The real reasons for poor performance in the China market are usually a lack of precise and timely consumer insights and the willingness to translate those insights into approaches that express the global brand positioning in an authentic and relevant way to Chinese consumers. Photo: Shutterstock

It’s amazing to me how much the sophistication and complexity of the Asian market continues to be underestimated today. Many companies still apply a one-size-fits-all approach to their marketing content in China and then wonder why the results are underwhelming there. Luxury brands — including some of the most successful in the world — have yet to exploit their potential in China and in the rest of the Asian region. Recently, Prada blamed the slowing Chinese economy for their malaise, but to me, it sounds like an excuse to mask weaknesses in brand execution. The real reasons for poor performance in the China market are usually a lack of precise and timely consumer insights and the willingness to translate those insights into approaches that express the global brand positioning in an authentic and relevant way to Chinese consumers.

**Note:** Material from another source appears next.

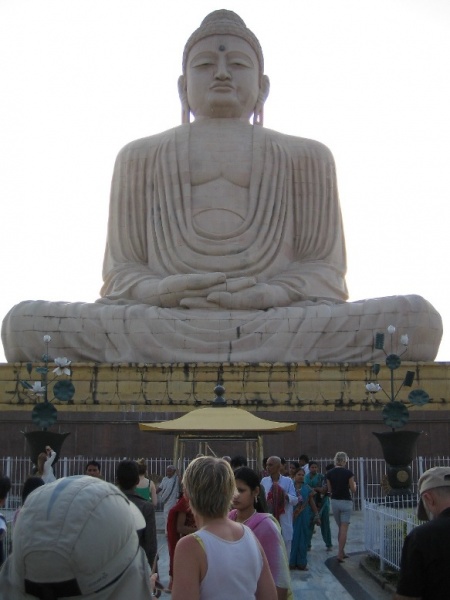 Kolację jemy w stylizowanej na tybetańską ale zarządzanej przez hindusów namiotowo-barakowej knajpce rekomendowanej w Lonely Planet i oczywiście załatwionej przez naszych przewodników. Jedzenie wyśmienite, smażone veg momo jest super. Umawiamy od razu śniadanie i idziemy do Mahabodhi temple- miejsca oświecenia Buddy. Jest już wieczór, na miejscu wyjątkowo spokojnie i cicho, zupełnie inaczej zapamiętałem to miejsce. Ale wtedy byłem w zimie i było mnóstwo Tybetańczyków mantrujących głośno non stop. Miejsce ma swoją szczególną atmosferę, część grupy zostaje do momentu zamknięcia. Osoby chętne mogą wystąpić do zarządzającego świątynią Mahabodhi Society o specjalne pozwolenie na medytowanie w nocy pod drzewem Bodhi, żeby je otrzymać trzeba w biurze znajdującym się dokładnie naprzeciwko świątyni złożyć ksero paszportu, wpłacić 100 Rp i dostaje się potwierdzenie upoważniające do przebywania na terenie świątyni po 21.00. Może obowiązywać wiele dni. Cała operacja załatwiana jest od ręki. Dla chcących medytować w nocy dostępne są mini iglo moskitiery - można je kupić, albo jak się trochę zakręci, nawet wypożyczyć. Koszt zakupu - cena startowa 750 rp, wypożyczenie 200 rp.

Let’s start with insights, something most companies just haven’t gathered before starting to do business in China. As an example, a famous European luxury fashion house wanted to analyze why some of their results in Asia were less than satisfying. How were they underwhelming? It turns outs, in a surprising amount of ways.

First of all, the majority of this luxury brand’s consumers were still 45 years old and up, meaning they were unable, for some reason, to reach the huge Chinese Millennial and Gen Z markets. Secondly, the customers who purchased the brand’s most iconic and traditional product lines were even older, while their younger customers were buying less branded, entry-level products and showed a lot less brand loyalty. In other words: The brand’s top customers were very old and slowly dying out! Another important observation: Consumers with the highest spends (over $10k per purchase) were leaving the brand, while newly acquired consumers were spending below $3k on average. Therefore, some basic math can show us that as older customers die, the brand is becoming less profitable. And lastly, many store locations were losing money due to high operational costs in China.



By Daniel Langer.
Full story at Jing Daily.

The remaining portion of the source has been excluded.